**RECORD EXCERPTS**
*-*-*

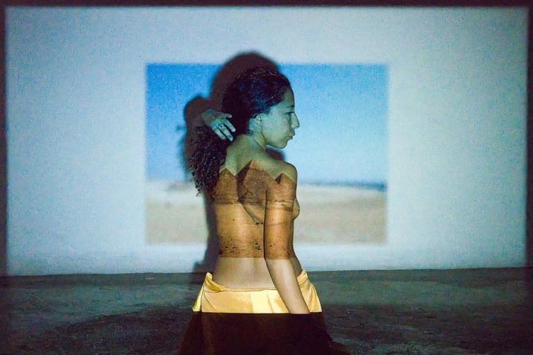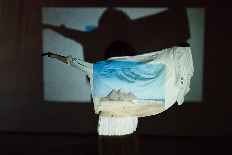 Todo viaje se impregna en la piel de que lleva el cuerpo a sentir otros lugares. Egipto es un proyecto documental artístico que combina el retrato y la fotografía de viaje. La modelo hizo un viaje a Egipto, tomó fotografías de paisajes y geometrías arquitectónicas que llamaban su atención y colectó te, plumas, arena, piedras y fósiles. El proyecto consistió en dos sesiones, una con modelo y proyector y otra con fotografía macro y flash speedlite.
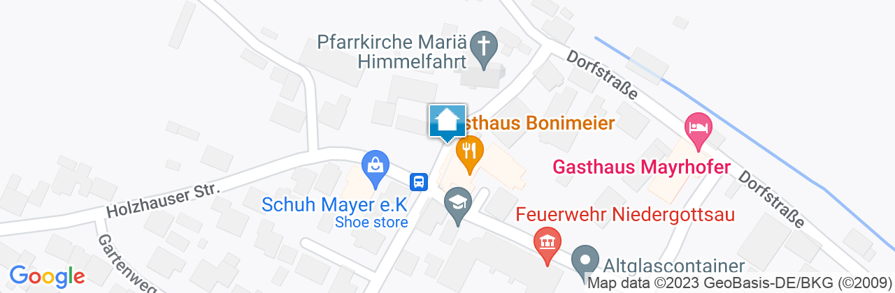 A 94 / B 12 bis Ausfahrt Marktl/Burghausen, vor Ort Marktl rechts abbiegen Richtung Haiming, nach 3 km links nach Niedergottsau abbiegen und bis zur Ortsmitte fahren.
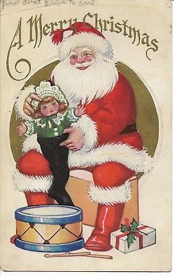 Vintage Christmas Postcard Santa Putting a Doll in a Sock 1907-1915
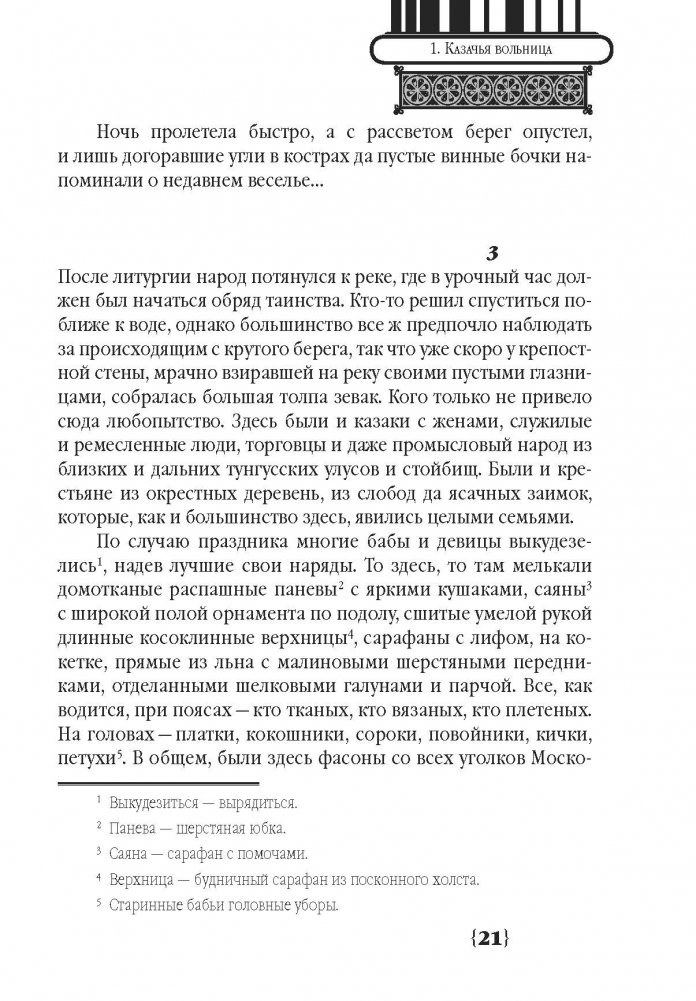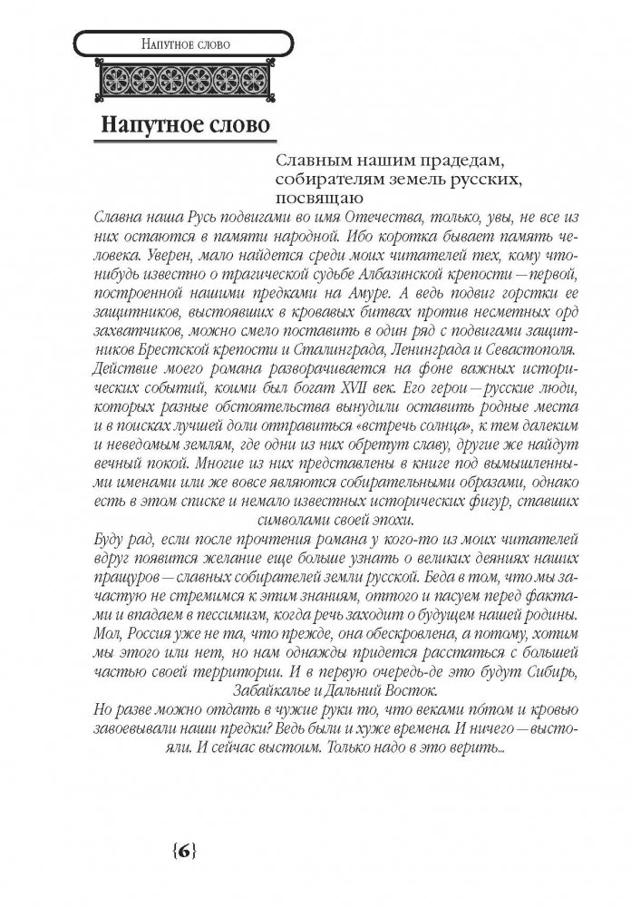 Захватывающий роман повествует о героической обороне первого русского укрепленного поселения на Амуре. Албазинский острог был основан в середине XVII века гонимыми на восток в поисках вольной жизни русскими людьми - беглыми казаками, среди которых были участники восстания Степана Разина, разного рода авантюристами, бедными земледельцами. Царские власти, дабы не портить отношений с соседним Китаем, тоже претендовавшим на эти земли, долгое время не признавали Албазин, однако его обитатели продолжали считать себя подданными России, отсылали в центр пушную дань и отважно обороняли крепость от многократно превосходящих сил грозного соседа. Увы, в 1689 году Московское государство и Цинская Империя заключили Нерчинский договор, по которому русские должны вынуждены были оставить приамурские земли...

*-*-*

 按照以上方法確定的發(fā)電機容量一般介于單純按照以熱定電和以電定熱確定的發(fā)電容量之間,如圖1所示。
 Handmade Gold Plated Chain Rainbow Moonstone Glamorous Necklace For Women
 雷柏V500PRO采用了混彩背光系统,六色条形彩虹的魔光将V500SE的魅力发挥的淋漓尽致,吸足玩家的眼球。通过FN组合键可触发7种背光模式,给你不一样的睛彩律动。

*-*-*

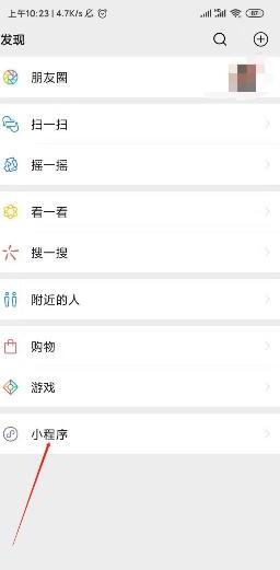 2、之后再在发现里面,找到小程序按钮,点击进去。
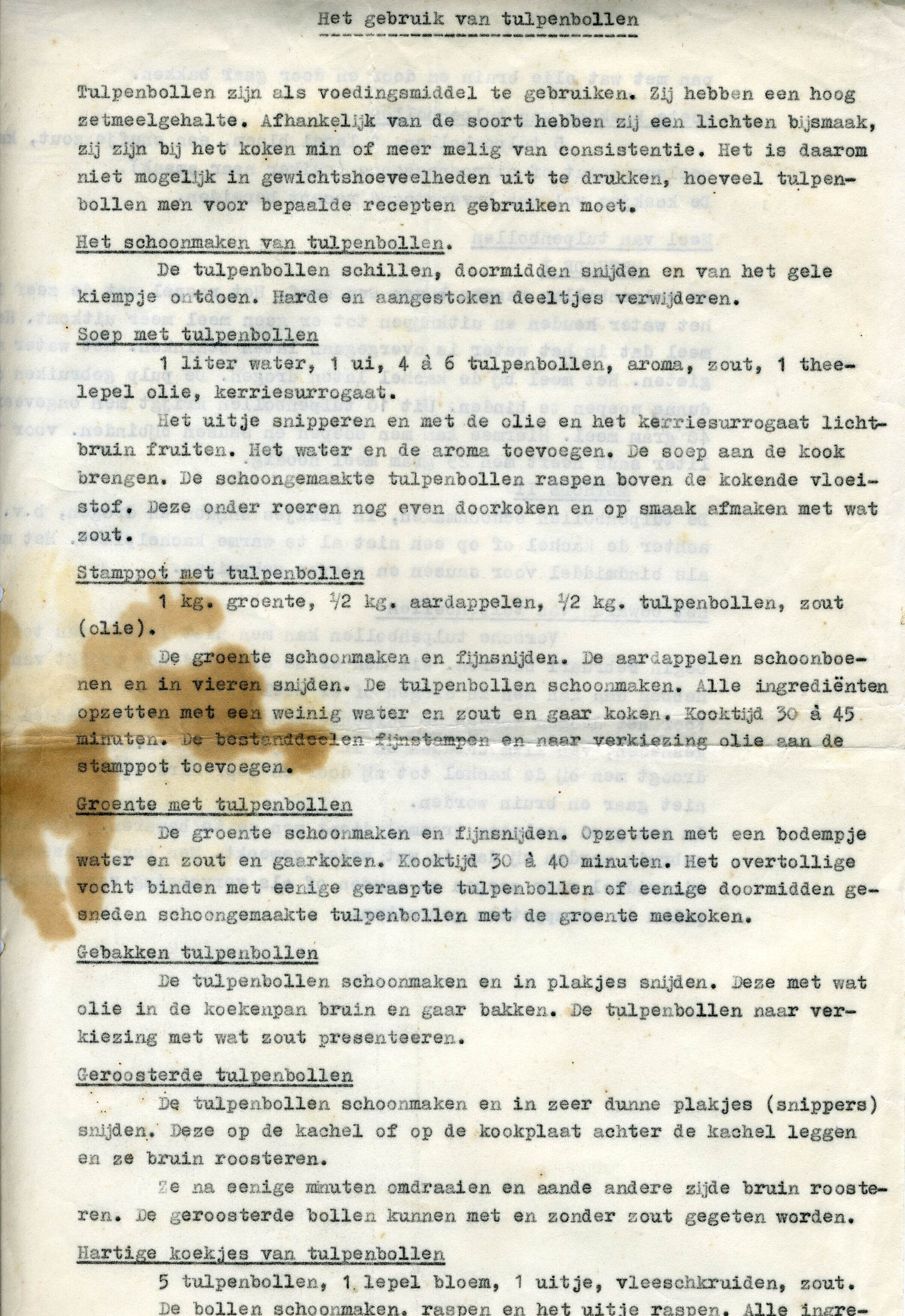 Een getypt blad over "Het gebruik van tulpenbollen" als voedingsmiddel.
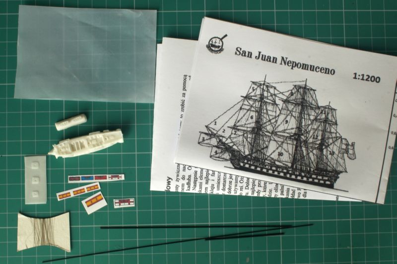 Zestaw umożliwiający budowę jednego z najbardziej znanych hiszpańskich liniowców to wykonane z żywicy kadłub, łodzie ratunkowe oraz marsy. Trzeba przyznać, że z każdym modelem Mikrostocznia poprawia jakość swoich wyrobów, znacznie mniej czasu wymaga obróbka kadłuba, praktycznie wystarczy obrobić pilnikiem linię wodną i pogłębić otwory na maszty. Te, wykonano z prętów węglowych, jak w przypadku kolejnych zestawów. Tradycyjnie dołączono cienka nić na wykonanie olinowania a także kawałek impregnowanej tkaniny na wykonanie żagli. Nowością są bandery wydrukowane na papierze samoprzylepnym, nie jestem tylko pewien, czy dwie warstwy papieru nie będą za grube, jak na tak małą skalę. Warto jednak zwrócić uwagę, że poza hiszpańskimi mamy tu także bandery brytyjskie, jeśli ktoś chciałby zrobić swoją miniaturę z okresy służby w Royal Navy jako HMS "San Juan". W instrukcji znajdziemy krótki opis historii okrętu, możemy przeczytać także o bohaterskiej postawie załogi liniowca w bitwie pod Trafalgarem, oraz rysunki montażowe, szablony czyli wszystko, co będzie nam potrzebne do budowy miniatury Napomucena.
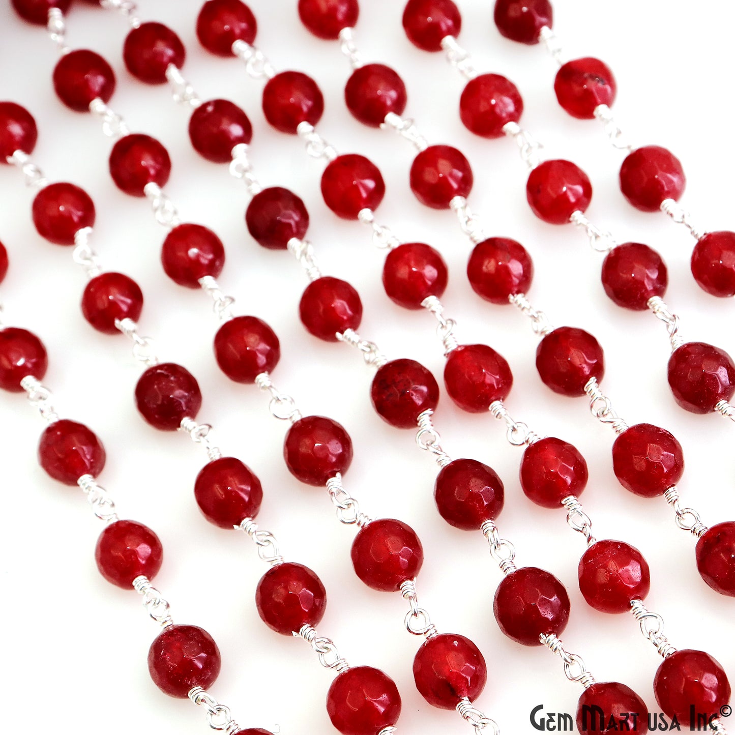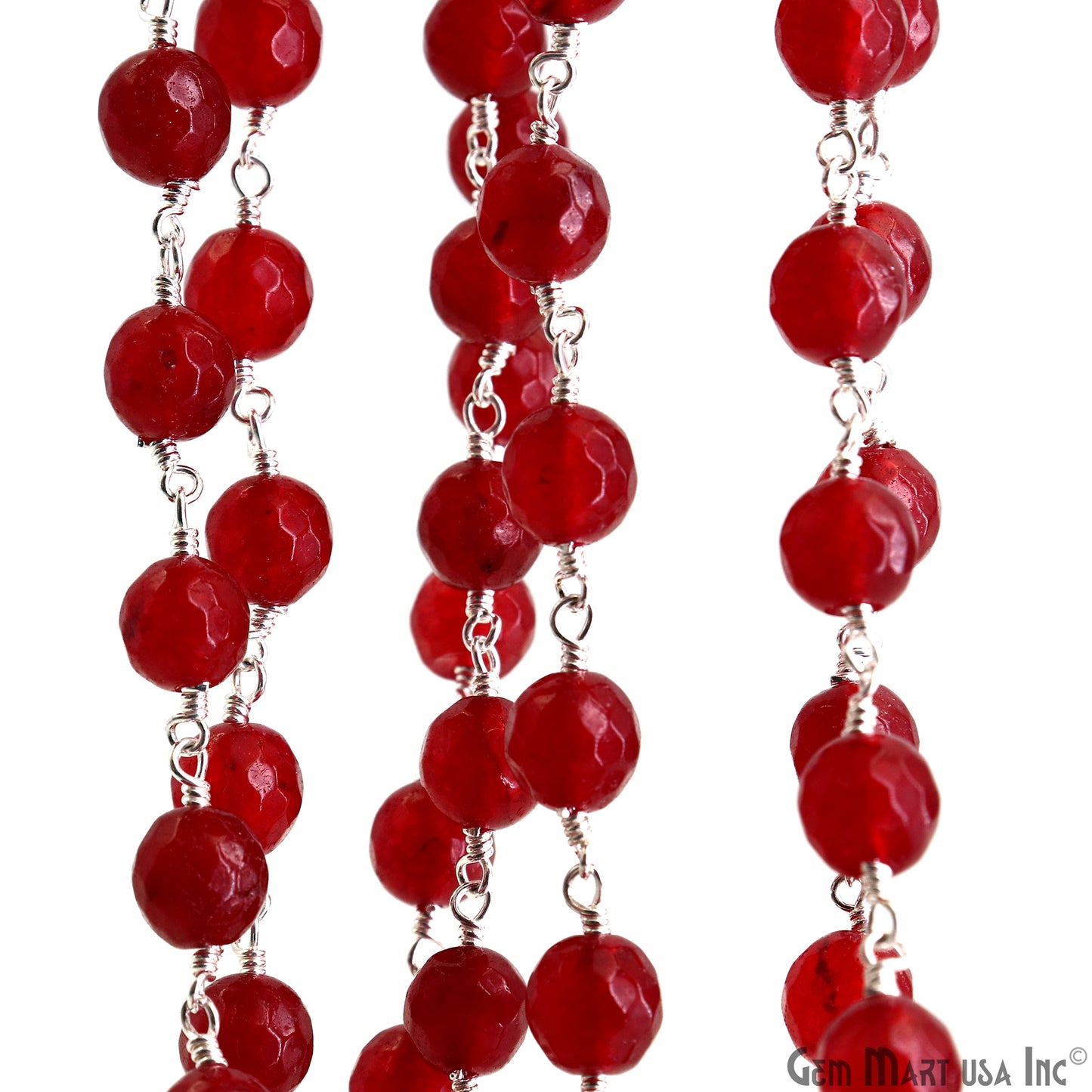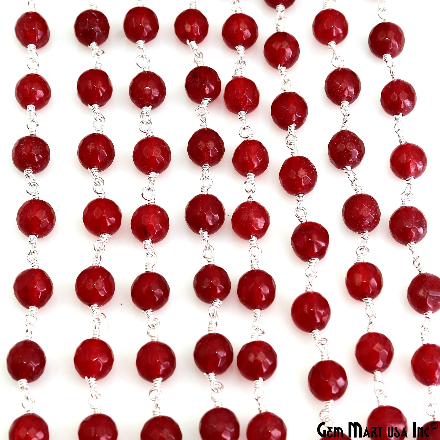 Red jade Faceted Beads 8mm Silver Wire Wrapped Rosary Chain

*-*-*

**WHAT THE TASK ASKS**
Referring to the material above, set down exactly the lines between the line with "按照以上方法確定的發(fā)" and the line with "雷柏V500PRO采用了混彩", inclusive, and no other lines.

**YOUR RESPONSE**
 按照以上方法確定的發(fā)電機容量一般介于單純按照以熱定電和以電定熱確定的發(fā)電容量之間,如圖1所示。
 Handmade Gold Plated Chain Rainbow Moonstone Glamorous Necklace For Women
 雷柏V500PRO采用了混彩背光系统,六色条形彩虹的魔光将V500SE的魅力发挥的淋漓尽致,吸足玩家的眼球。通过FN组合键可触发7种背光模式,给你不一样的睛彩律动。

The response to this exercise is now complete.